In chronic myeloid leukemia (CML), the recommended dose of imatinib depends on the phase of the disease. In chronic phase of CML the dose is 400 mg/day; in the acceleration phase and at blast crisis it is 600 mg/day. The drug should be taken once daily. Treatment with the drug is carried out as long as there is a clinical effect. In absence of marked side effects, neutropenia or thrombocytopenia unrelated to leukemia the dose can be increased from 400 to 600 or 800 mg/day in patients in chronic phase of disease and from 600 to 800 mg/day in patients in acceleration phase and at blast crisis.
This dose increase may be necessary in CML progression (at any stage), in the absence of a satisfactory hematological response after 3 months of treatment, cytogenetic response after 12 months of therapy or in the loss of previously achieved hematological and/or cytogenetic response. In children over 2 years of age, the dosing regimen is based on body surface area. A dose of 340 mg/m/day is recommended for children with chronic phase XMJI and acceleration phase. The total daily dose in children should not exceed 600 mg. The daily dose of the drug can be taken simultaneously or divided into 2 equal doses – morning and evening.
In Ph+ acute lymphoblastic leukemia (ALL) the recommended dose of the drug is 600 mg/day.
In myelodysplastic/myeloproliferative (MDS/MPD) diseases the recommended dose of imatinib is 400 mg/day.
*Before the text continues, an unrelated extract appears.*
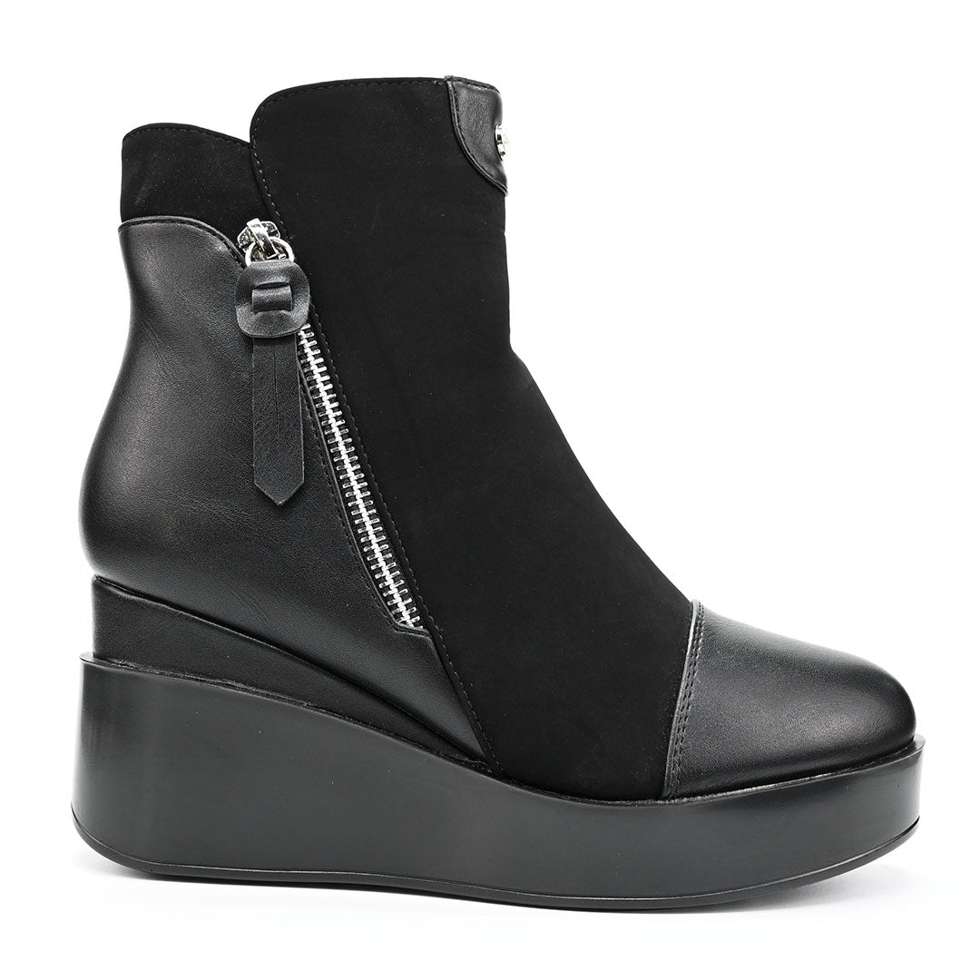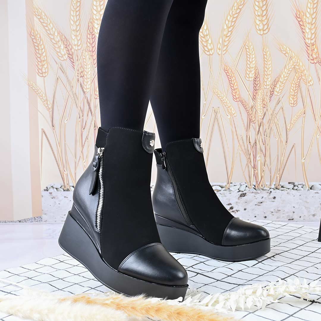 Botine de dama,Din piele ecologica Cu platforma,interior imblanit,BD1015,Negre

In case of signs of disease progression, imatinib therapy should be discontinued.
In inoperable, recurrent and/or metastatic bulging dermatofibrosarcoma, the recommended dose of the drug is 800 mg/day.
In systemic mastocytosis (SM) in the absence of a D816V c-Kit mutation, the recommended dose of imatinib is 400 mg/day. With unknown mutational status and insufficient efficacy of previous therapy, the recommended dose is 400 mg/day.
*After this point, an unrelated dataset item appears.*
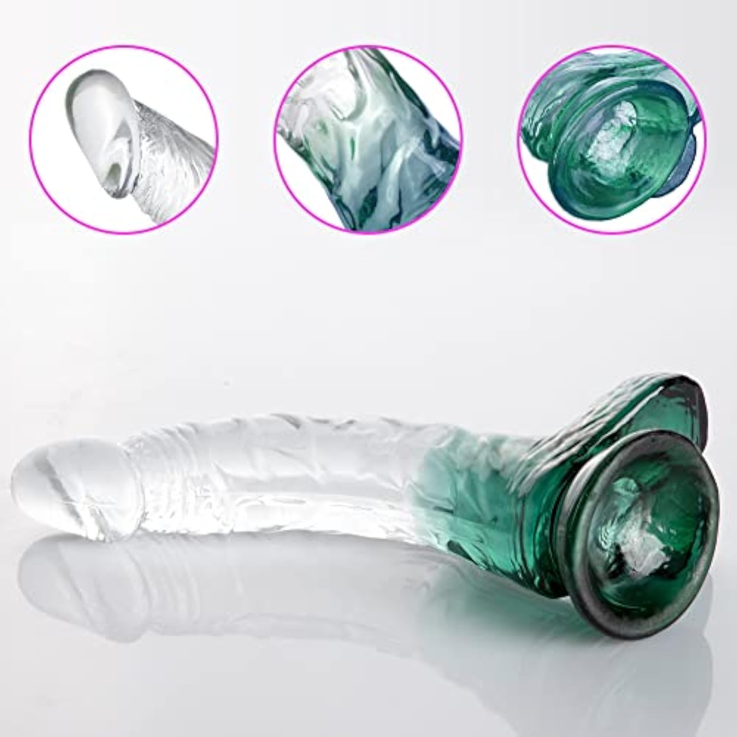 Realistic Dildo Curved Shaft G-Spot Stimulation Penis With Strong Suction Cup Testis And Veins Design For Sensitive Point Sex Stimulation For Woman Man Masturbation Adult Toy (Green)

In systemic mastocytosis (SM) due to the abnormal FIP1L1-PDGFR a-tyrosine kinase resulting from the fusion of the Fip likel and PDGFR genes, the recommended starting dose is 100 mg/day. If efficacy is insufficient and there are no significant side effects, the dose may be increased to 400 mg/day. In hypereosinophilic syndrome and/or chronic eosinophilic leukemia (HES/CHL) in adult patients, the recommended dose is 400 mg/day. In adult patients with HES/HEL caused by abnormal FIP1L1-PDGFR a-tyrosine kinase, the recommended starting dose is 100 mg/day. In case of insufficient effectiveness and in absence of marked side effects the dose may be increased up to 400 mg/day.
Dosage regimen correction
Patients with hepatic impairment
Since imatinib is metabolized primarily in the liver, patients with mild, moderate or severe hepatic impairment should be prescribed imatinib in the minimum daily dose of 400 mg. If undesirable toxic effects develop, the drug dose should be reduced. Caution should be exercised when prescribing the drug in patients with severe hepatic impairment.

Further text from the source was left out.